Identifiability Guarantees for Causal Disentanglement from Soft Interventions
This work addresses the challenge of identifying causal structures from incomplete data, which is incremental as it extends existing results from fully observed to unobserved variables.
The paper tackles the problem of causal disentanglement with unobserved latent variables using unpaired observational and interventional data, showing that identifiability can be achieved under a generalized faithfulness assumption, allowing recovery of the latent causal model up to an equivalence class and prediction of unseen intervention effects in the infinite data limit.
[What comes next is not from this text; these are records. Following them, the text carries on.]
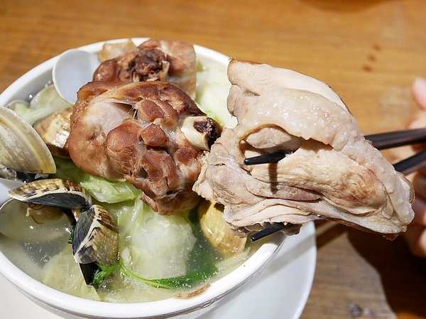 這款湯品裡面有滿滿高山高麗菜、蛤蜊以及超大塊雞肉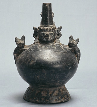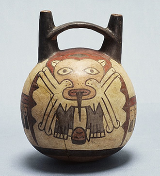 関西大学の教育と研究に理解を示した篤志家から寄託いただいた、古代アンデスの美術工芸品29点です。神面文壺や黒色神像壺、ジャガー顔面鎧形土器など、インカ帝国以前のペルー各地の地域文化がうかがえます。
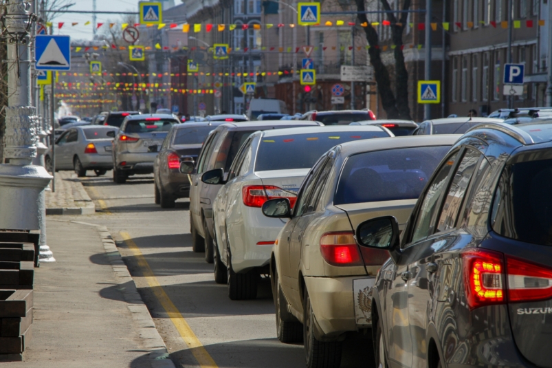 Движение затруднено на всех основных магистралях.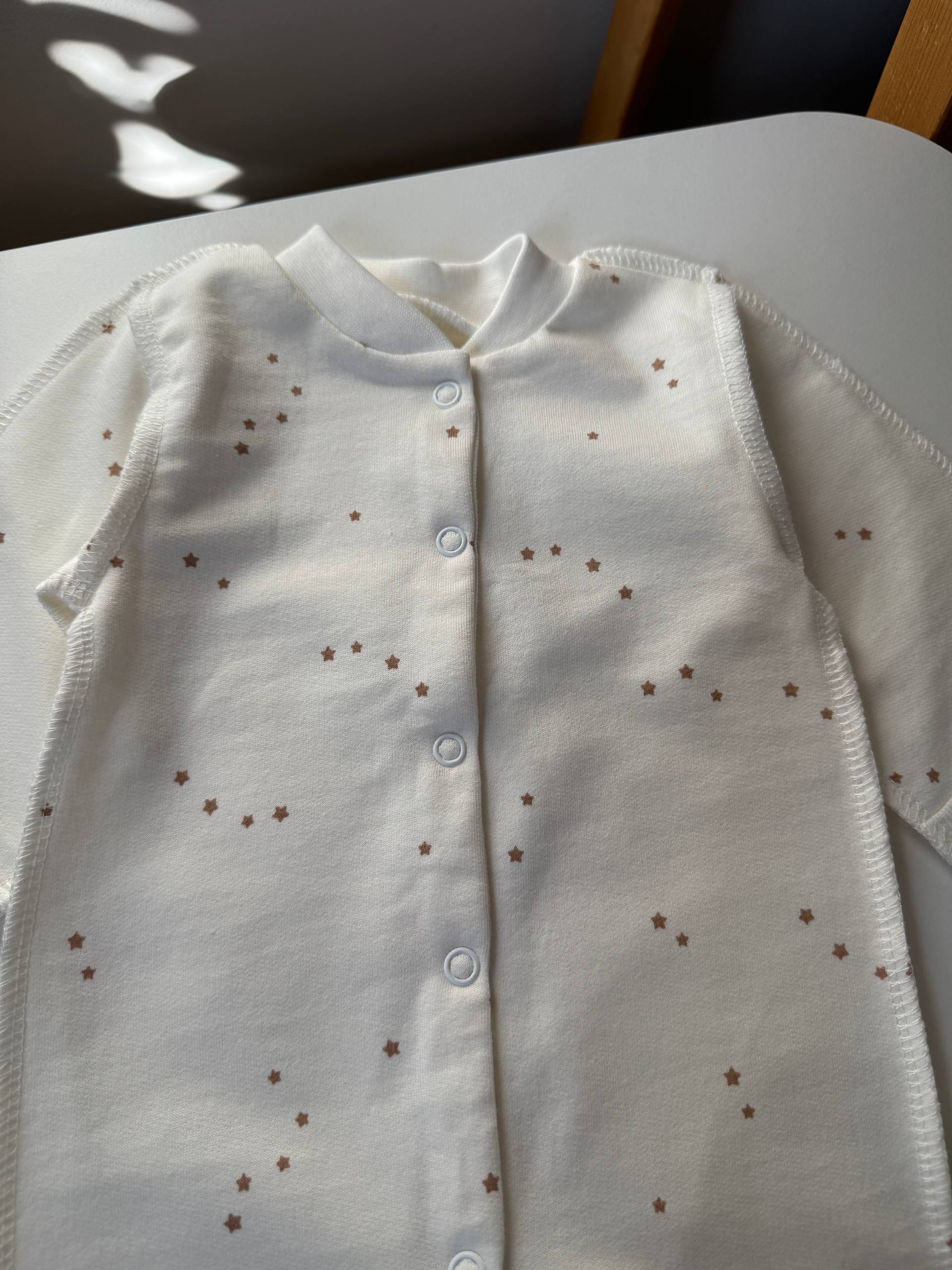 М'який чоловічок з теплого футера. Натуральна бавовна з м’яким начосом всередині дбайливо зберігає тепло та дозволяє шкірі дихати, а зручні кнопки по всій довжині роблять переодягання швидким і легким. Модель має закриті ніжки, манжети-антицарапки та правильний крій, що не сковує рухів немовляти. Це поєднання затишного дизайну та бездоганного комфорту, яке ідеально підходить для першого гардероба або виписки. Універсальний розмір: 56-62 (0-3 місяці).

Causal disentanglement aims to uncover a representation of data using latent variables that are interrelated through a causal model. Such a representation is identifiable if the latent model that explains the data is unique. In this paper, we focus on the scenario where unpaired observational and interventional data are available, with each intervention changing the mechanism of a latent variable. When the causal variables are fully observed, statistically consistent algorithms have been developed to identify the causal model under faithfulness assumptions. We here show that identifiability can still be achieved with unobserved causal variables, given a generalized notion of faithfulness. Our results guarantee that we can recover the latent causal model up to an equivalence class and predict the effect of unseen combinations of interventions, in the limit of infinite data. We implement our causal disentanglement framework by developing an autoencoding variational Bayes algorithm and apply it to the problem of predicting combinatorial perturbation effects in genomics.